Sinjun laughed up at him. “Enough of that, Colin. I
have excellent explanations, all of which I wrote you in my letter. And I already told you, I was needed. Just look at poor Jack, all bundled up in blankets, whiter than your beautiful hard belly in the dead of winter.”
“Now isn’t the time to distract me with talk of my manly parts. Damn you, I read your explanations. They are pitiful. They hold no weight at all, particularly since I specifically told you to remain in bed, to rest, to nap, to read your novels, and yet you hared off the moment I was out of the house. And just who is this Jack person who doesn’t look at all like a ‘Jack’ to me?”
Gray said, “Colin, Jack here is getting heavy. I know she looks frail and pallid as a netted gailey fish, but even small rocks weigh heavy after a while if there are enough of them in one sack. I’m a manly man, just like my footman, Remie, but nonetheless, I’ve been holding her for the past ten minutes, all during your touching reunion with Sinjun and even for five minutes before that. Perhaps you can continue to pin Sinjun’s ears back after I’ve loaded Jack into the carriage?”
Colin Kinross turned to Gray St. Cyre, a man he’d met before he met Sinjun Sherbrooke in London back in 1807 when he’d had to find himself an heiress or have his people starve and his lands go to hell. He said, “St. Cyre, you’re holding a girl in your arms and her hair’s all tangled and blowing in her face. She looks like one of Madame Tussaud’s figures, all white and waxy. I’m not blind. She isn’t a boy. How can her name be Jack?”
Gray smiled. “I think she looks quite like a proper Jack. If I’d braided her hair you surely would have been fooled. It’s good to see you, Colin.

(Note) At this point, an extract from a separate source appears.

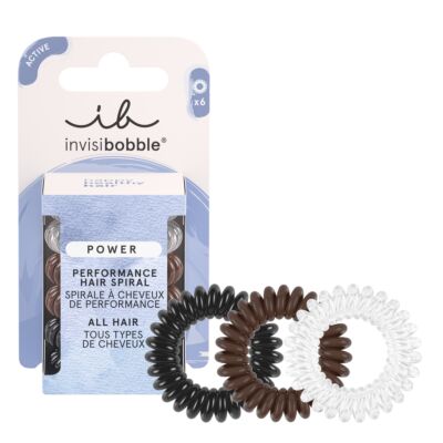 Аксесуар invisibobble Power ідеально підійде для тих, хто веде активний спосіб життя. Завдяки удосконаленій спіралеподібній формі гумка забезпечує екстрасильну фіксацію густого волосся, дозволяючи уникати пошкоджень та заломів. Має високу зносостійкість, не сповзає і не розтягується. Підходить для всіх типів волосся. До набору входять 6 гумок Power.

Congratulations on the future arrival of your son or daughter.”
The earl turned white, which was surely odd, then he seemed to shake himself, and said, “Thank you.” He grabbed his wife’s hand when she merely took a step toward the carriage. “You’re not moving until I tell you to.” He said over his shoulder, “Are you telling me that this is Jack the valet?”
“One and the same,” Gray said. “Do you ride, Colin, or will all of us pile into the carriage?”
“No, Colin,” Sinjun said, “you must restrict verbal assaults if we’re all in the carriage together. You’re going to have to wait until we’re alone. You can’t take a strip off me in front of Gray and Jack.”
“Why? Your brothers would take a dozen strips off you before they even got to the door of the carriage.”
“True, but they’re English. You’re a Scot. You’re more civilized than they are. You have better manners.”
Colin Kinross, the earl of Ashburnham, raised his eyes heavenward. “Nearly four years,” he said aloud. “I will not survive until I’m thirty.”
Sinjun patted his arm, saying to Gray and Jack, “He will turn thirty this year. I believe I will give him another tome of poetry for his birthday. He loves poetry. It soothes him, at least in the normal course of events. Now, Gray, do put Jack into the carriage before you drop her.”
Gray closed his eyes. His life had been delightfully tranquil, predictable, quite tolerable, all in all. He’d saved Lily and hopefully threatened her husband sufficiently. His mistress, Jenny, had a new recipe for quail soup that was ambrosia to the tongue. Yes, one day had followed another with ease and comfort—until the great-aunts had descended on him. Until Jack the valet had stolen Durban. Until Jack the valet had become a damned girl and gotten ill. He sighed, stepped up into the carriage, slipped on one of Sinjun’s black gloves, and fell forward on his face, hitting his head on the opposite door. He managed to toss Jack onto the seat an instant before he would have smashed her against the carriage floor.